To evaluate differences between survivors and non-survivors and provide possible independent risk factors for ICU mortality.
Single centre observational retrospective study in a 14-bed Intensive Care Unit of a University Hospital. All haematological patients admitted between January-2009 and December-2014 were enrolled.

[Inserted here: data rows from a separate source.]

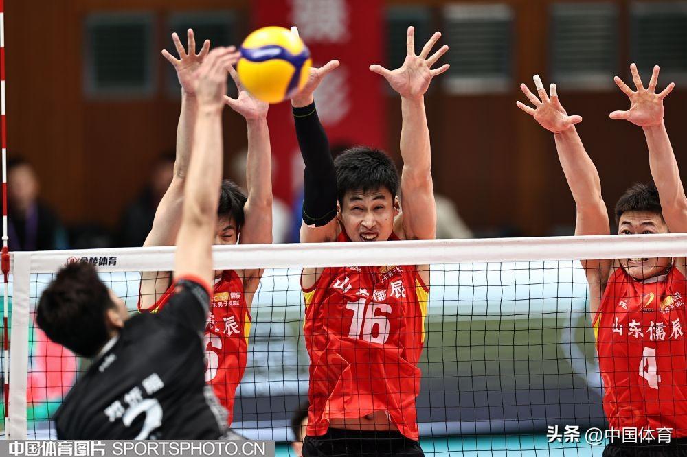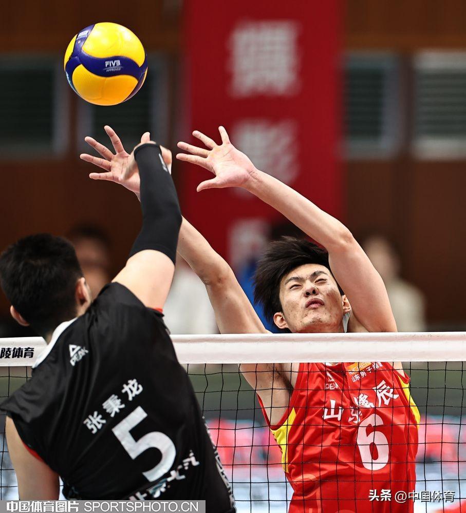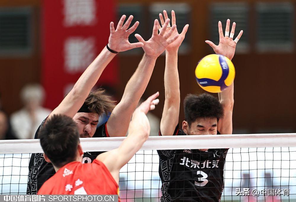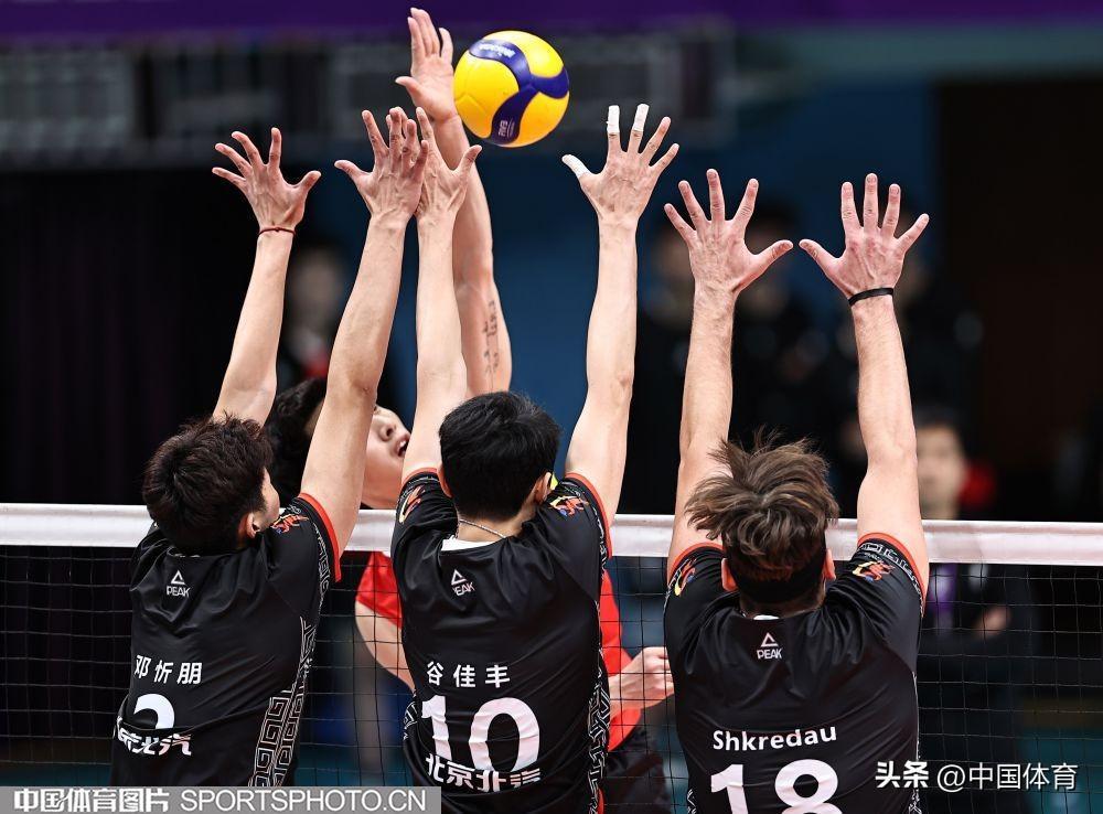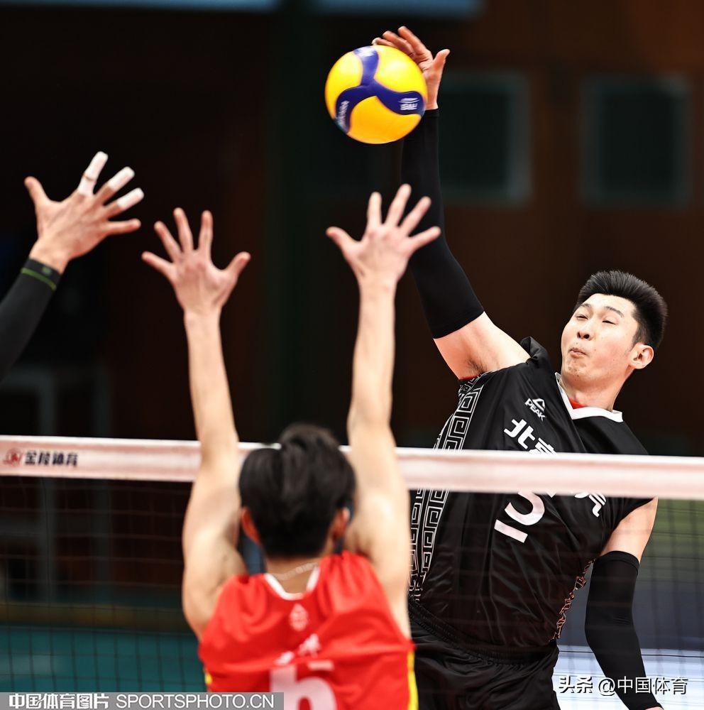 中國體育訊 11月19日,2023-2024中國男子排球超級聯賽第一階段第三輪的一場比賽,在北京汽車光彩體育館舉行。北京北汽主場3比1戰勝山東儒辰,取得新賽季兩連勝,四局比分分別爲25比19、26比24、17比25、25比18。(中國體育圖片 王憲民 攝)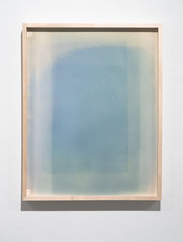 Containing a spectrum of representational to abstract images, All solid shapes dissolve in light emphasizes the way that all images oscillate between moving and still, visible and invisible.  Viewers often impatiently ask what the fading pictures will look like over time and how long they will last.  I prefer to leave this to our experience and imagination.  Just as it’s impossible to predict how long a person will live, it’s impossible to anticipate all the variables in the lifespan of a print.  As the project has continued, purely abstract images have been added.  I found pieces of paper stored in my flatfile drawers that had been dyed with impermanent plant dyes five to ten years ago and never exposed to the sun.  Abstract images formed on the papers as they were exposed to air in the shifting stacks over time without my knowledge.  Exhibiting these chance exposures with the other representational photographs frames a space for accepting change, as practice for accepting the emptiness and openness in all images.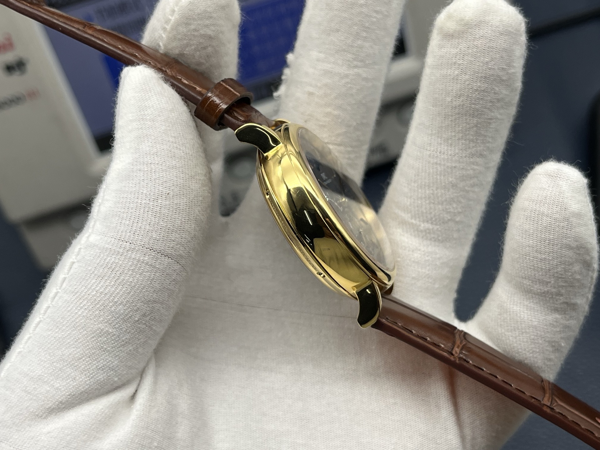 **Case & Dial:** 18K red gold, 45mm. Grey dial with applied Roman numerals, leaf hands, moonphase at 12, date at 3.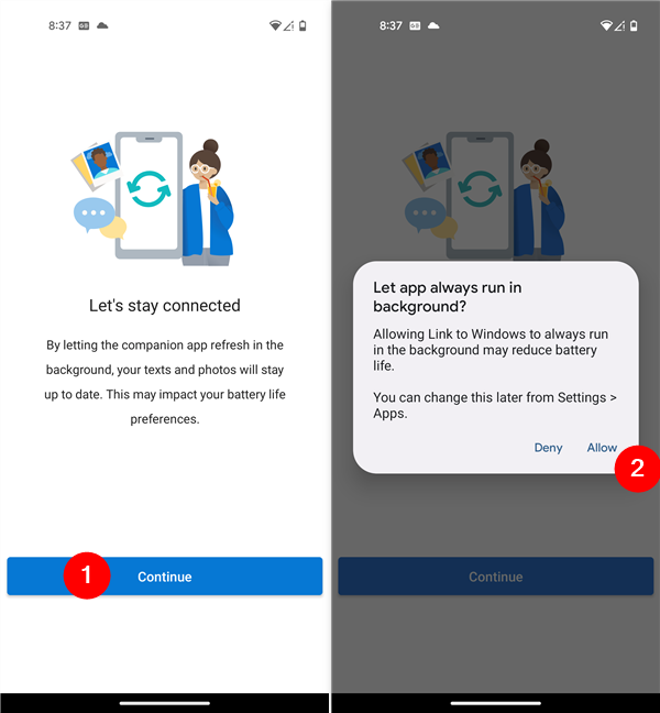 Er is nog een machtiging vereist, een waarmee de app te allen tijde met uw Windows-pc kan worden gesynchroniseerd. Tik op Doorgaan en u kunt dit op het volgende scherm toestaan.
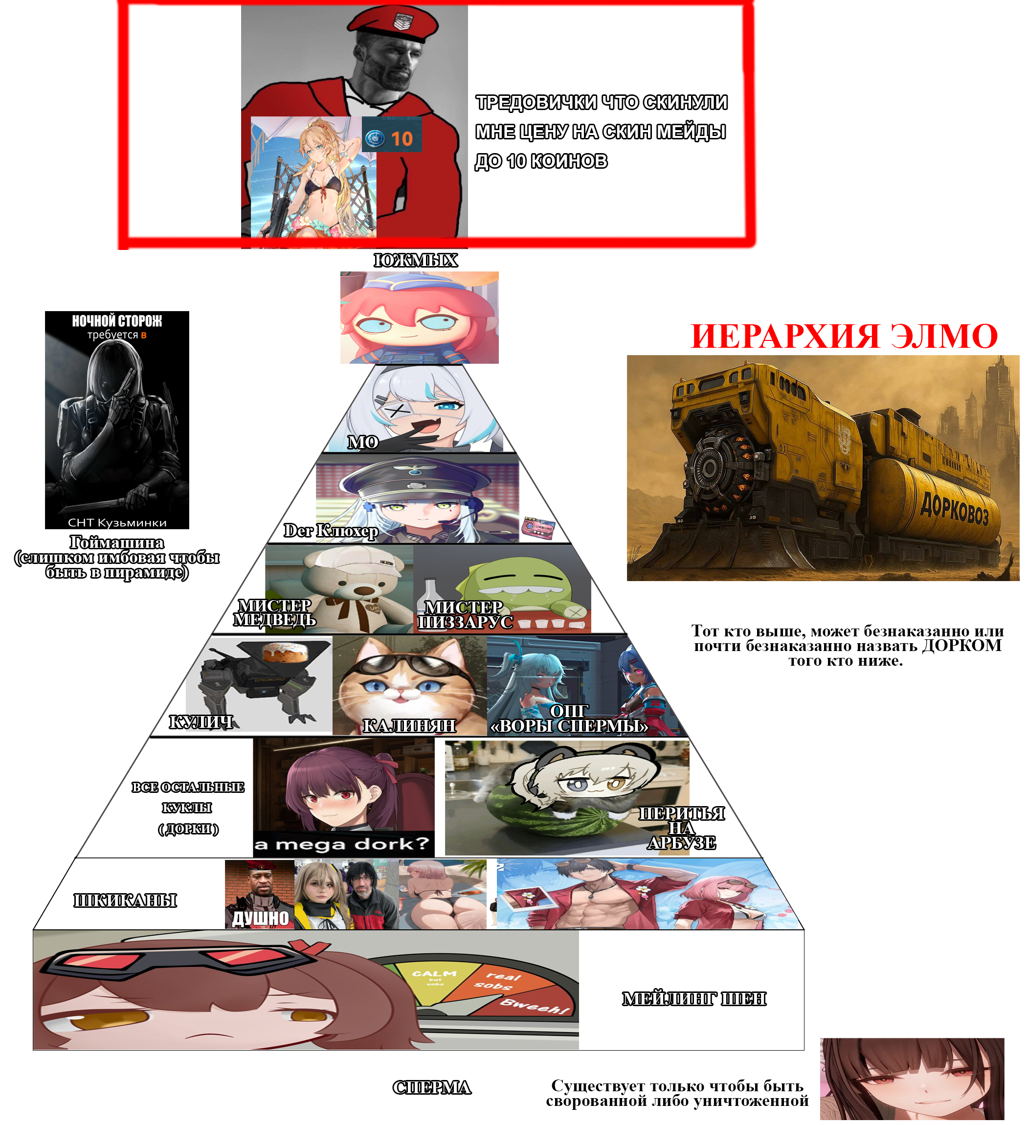 Уже завтра долгожданный большой дорм, а значит нужно заходить в хату полностью осведомлённым. Представляю вам единственную и 100% легитимную пирамиду иерархии на Элмо.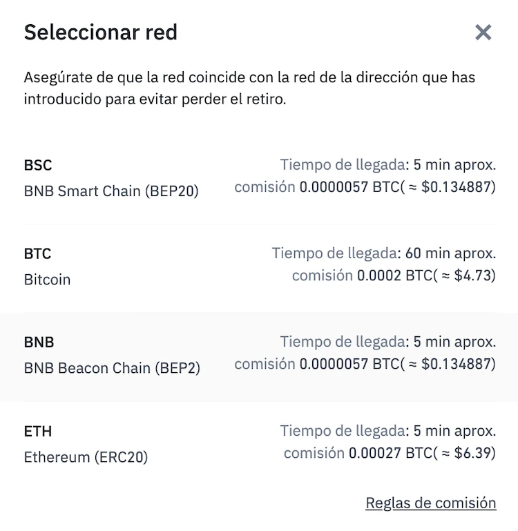 Si por el contrario nos hemos inclinado por hacer nuestro depósito de apuestas usando BTC, veremos no sólo que el número de redes disponibles es menor, sino que en algunos casos la comisión que deberemos asumir es un poco más alta. Nos encontraremos con una pantalla con este aspecto:

Data acquired included: demographics characteristics, haematological diagnosis, reason of ICU admission, severity-of-illness scores (APACHE and SOFA) and intensive care therapy (mechanical ventilation (VM), extrarenal therapy depuration (ETD) and vasopressor support (VS)).
We included 38 patients in the study,15(39,47%) were survivors and 23(60,52%) were non-survivors. Median age of 50,47 ± 13,98 vs 59,78 ± 14,73 (p > 0,05) and predominance of males in both groups (60% vs 73,9%, p > 0,05), respectively. In both groups non-Hodgkin lymphoma was the most frequent haematological malignancy, 53% and 30,4 %, survivors and non-survivors respectively and acute respiratory failure was the most frequent reason for ICU admission(66% and 39,1%, respectively). Intergroup comparisons revealed statistically significant differences in APACHE (19,73 ± 8,05 vs 26,48 ± 8,74, p < 0,05) and SOFA (9 ± 3,4 vs 11,83 ± 3,23, p < 0.05). During the first 24h of ICU admission, 60% of the survivors patients had 2 or more organ failures, and 73,9% in non-survivors group. During evolution in ICU, survivors patients required VM and VS in 80% and 66,7%, respectively. None of them needed EDT. Non-survivors required VM and VS in 91% and 95,7% respectively, and 17,4% needed EDT. There were no statistically significant differences in ICU support therapies between survivors and non-survivors. No independent risk factors for mortality were found by logistic regression analysis.
Mortality in patients with haematological malignancies remains high. There were significant differences in severity-of-illness scores during the first twenty-four hours of ICU admission between survivors and non-survivors. No significant differences in intensive care therapy were found between groups during ICU hospitalization.